TASK STATEMENT.
Using the records that follow, reproduce exactly the lines starting at the line containing "Lampadina Led G9" and ending at the line containing "Стоимость февральских фьючерсов". Include both end lines and no pictures.

RECORD SET.
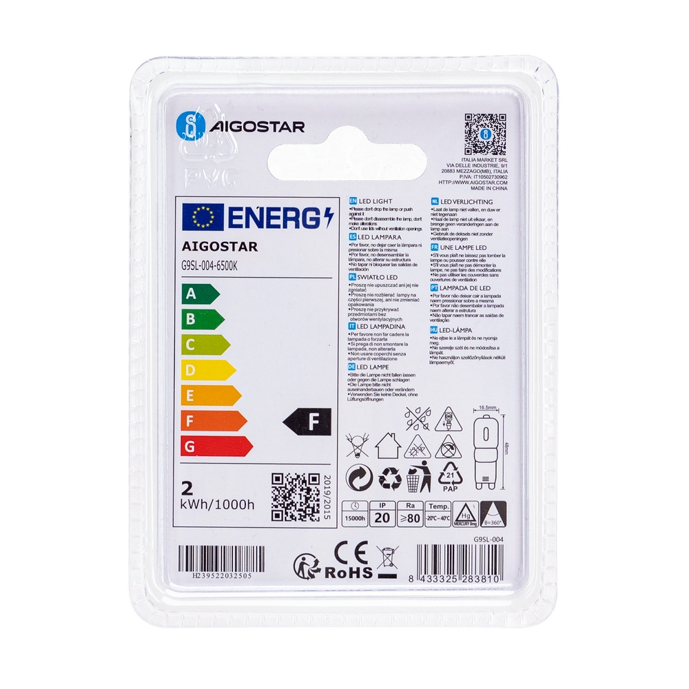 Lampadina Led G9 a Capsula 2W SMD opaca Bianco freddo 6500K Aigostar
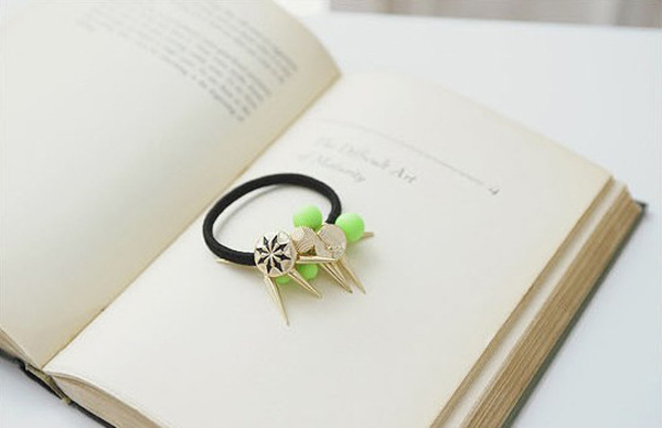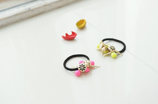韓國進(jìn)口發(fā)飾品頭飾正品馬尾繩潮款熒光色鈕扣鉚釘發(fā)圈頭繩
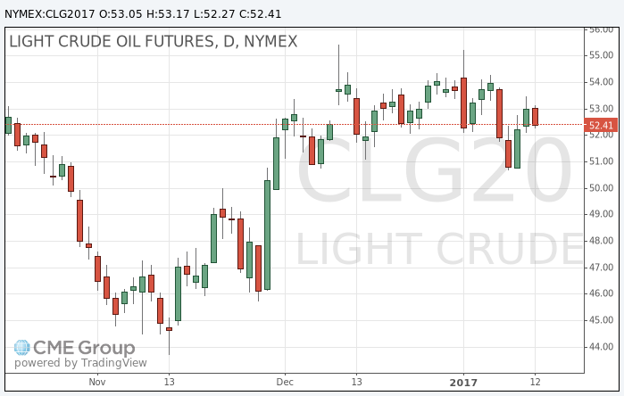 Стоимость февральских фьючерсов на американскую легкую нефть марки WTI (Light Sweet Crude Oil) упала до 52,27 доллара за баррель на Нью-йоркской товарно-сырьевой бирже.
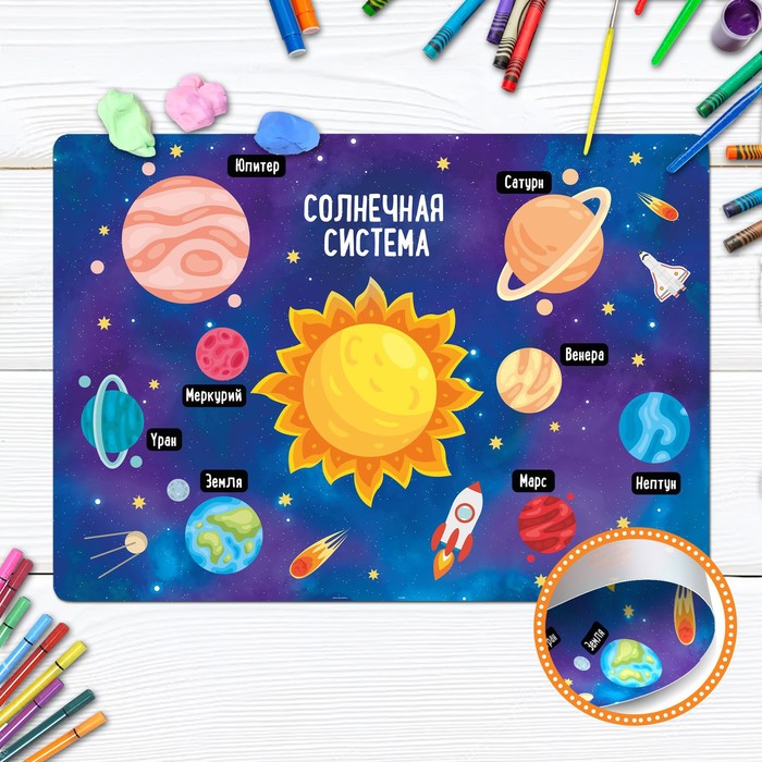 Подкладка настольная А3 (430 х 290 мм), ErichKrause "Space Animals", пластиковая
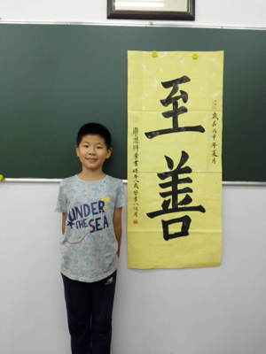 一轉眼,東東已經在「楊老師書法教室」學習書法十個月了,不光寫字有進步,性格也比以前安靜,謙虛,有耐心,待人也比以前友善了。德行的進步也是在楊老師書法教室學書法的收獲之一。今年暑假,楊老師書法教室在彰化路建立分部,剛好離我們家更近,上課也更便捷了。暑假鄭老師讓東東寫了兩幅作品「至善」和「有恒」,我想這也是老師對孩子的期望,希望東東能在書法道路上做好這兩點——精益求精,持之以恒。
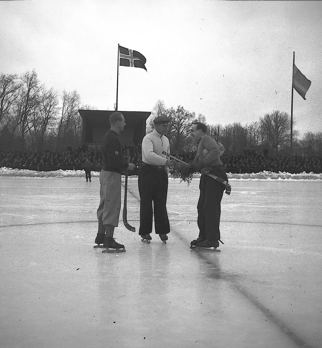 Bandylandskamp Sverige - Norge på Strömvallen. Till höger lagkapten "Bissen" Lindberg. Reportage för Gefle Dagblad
==
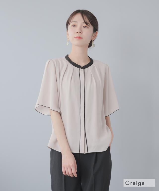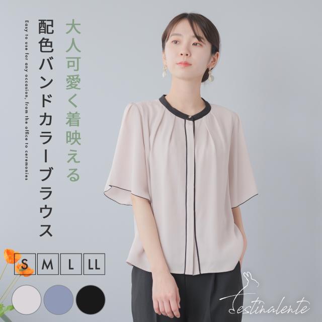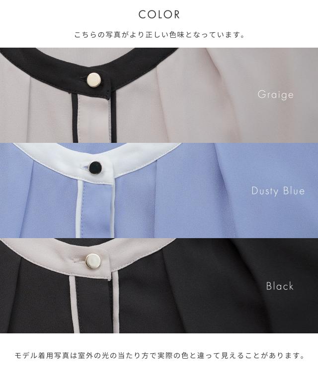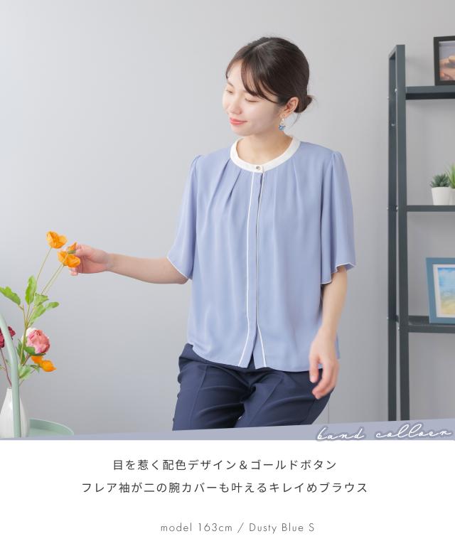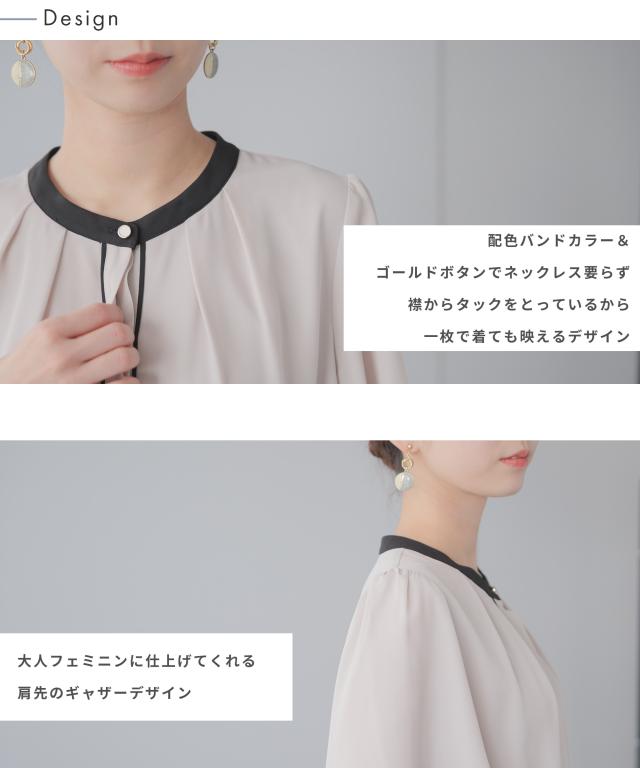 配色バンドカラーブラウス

TASK ANSWER.
 Lampadina Led G9 a Capsula 2W SMD opaca Bianco freddo 6500K Aigostar
韓國進(jìn)口發(fā)飾品頭飾正品馬尾繩潮款熒光色鈕扣鉚釘發(fā)圈頭繩
 Стоимость февральских фьючерсов на американскую легкую нефть марки WTI (Light Sweet Crude Oil) упала до 52,27 доллара за баррель на Нью-йоркской товарно-сырьевой бирже.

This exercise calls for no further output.